In 1963, weeks before his own assassination, President Kennedy gave approval for the CIA to encourage a group of South Vietnamese generals to depose President Ngo Dinh Diem of South Vietnam. The generals murdered him and his brother on November 1.

Vice President, Lyndon B. Johnson, later said that it was the worst mistake we ever made.

What was President Kennedy's reason for this?

3 Answers 3


The quick answer is the Cold War. The context surrounding the assassination of Ngo Dinh Diem provides the long answer.

After WWII the US and the USSR were engaged in the Cold War. The time period from 1949-1963 saw China, North Korea, and Cuba become outright communist countries, and a short lived regime sympathetic to Moscow appeared in Guatemala. This created great fear in the US foreign policy apparatus that the Cold War was being lost one proxy state at a time.
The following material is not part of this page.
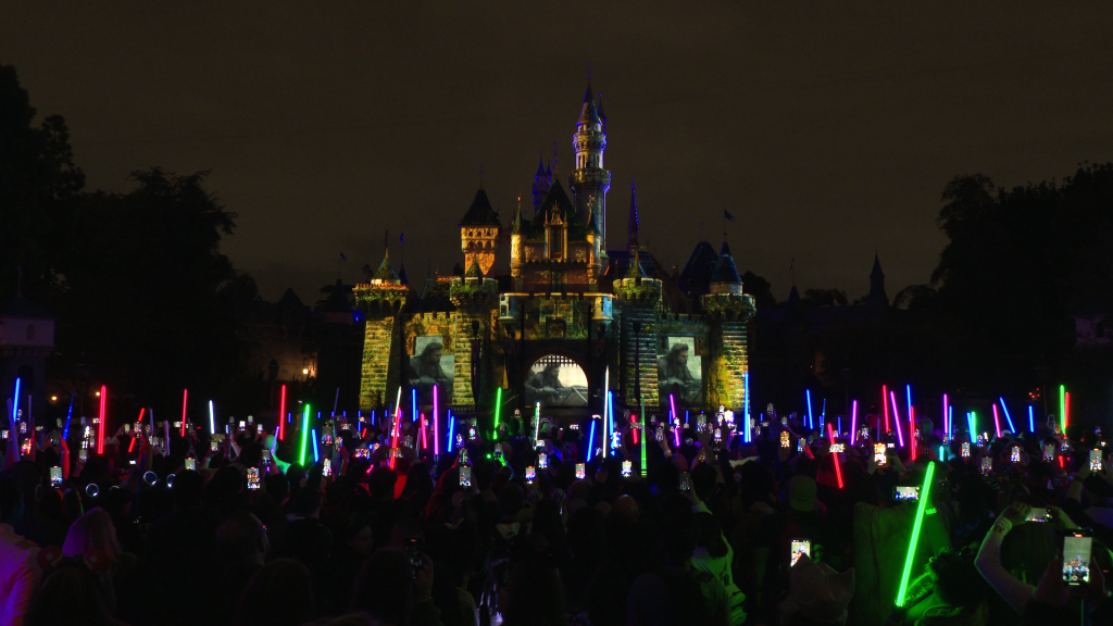 Luna strolled out right in front of Sleeping Beauty’s Castle to talk with the fans in attendance. There were Star Wars droids like R2-D2 and BB-8 there. Mickey Mouse and Minnie Mouse also got in on the Sci-Fi fun. Disneyland also played a new projection show called “Welcome to the Rebellion.” Star Wars fans are going to want to check that one out for sure!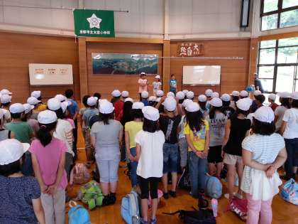 みさきの家に到着しました。早速,入所式を行いました。現地は,うす曇で京都よりも涼しく感じました。このあと,地震のときの避難訓練です。

This fear is a large contributing factor to why the US had a strong commitment to Ngo Dinh Diem.

In 1963, Ngo Dinh Diem was viewed by many in the US foreign policy apparatus as having lost control of the population, and unable to defeat the communists he was at war with. The famous image of the Buddhist monk lighting himself on fire had just been published in the New York Times, and Kennedy's advisors lost faith in Ngo Dinh Diem.

In this context (fear of the spread of communism) Kennedy gave implicit approval of the assassination operation. According to Stephen Kinzer's book Overthrow Kennedy never gave explicit approval, and regretted the death of Ngo Dinh Diem.

For further reading:

For the Common Defense @ pp. 573-576

Overthrow @ pp. 149, 152-169

  • 1
    Yes, JFK was surprised and disturbed by the Diem assassination. Also, a very good resource is this section of The Pentagon Papers.
    – Geremia
    Sep 13, 2014 at 20:00

Kennedy approved of Diem's overthrow, but naively believed assurances given that Diem would be protected and granted exile. http://consortiumnews.com/2013/11/25/jfks-embrace-of-third-world-nationalists/ It was because of Diem's murder that Kennedy immediately regretted the coup occurring. https://www.youtube.com/watch?v=xEJdtodFcDQ

  • 2
    Welcome to History.SE - It would be helpful if you included a summary of the information in the sources that you link to in your answer. Linked pages should be a way to get additional information, and they can also be subject to link rot that would leave your answer without context.
    – Comintern
    Sep 24, 2014 at 3:36

Question: Why did JFK give approval for the CIA to encourage Diem's "deposal"?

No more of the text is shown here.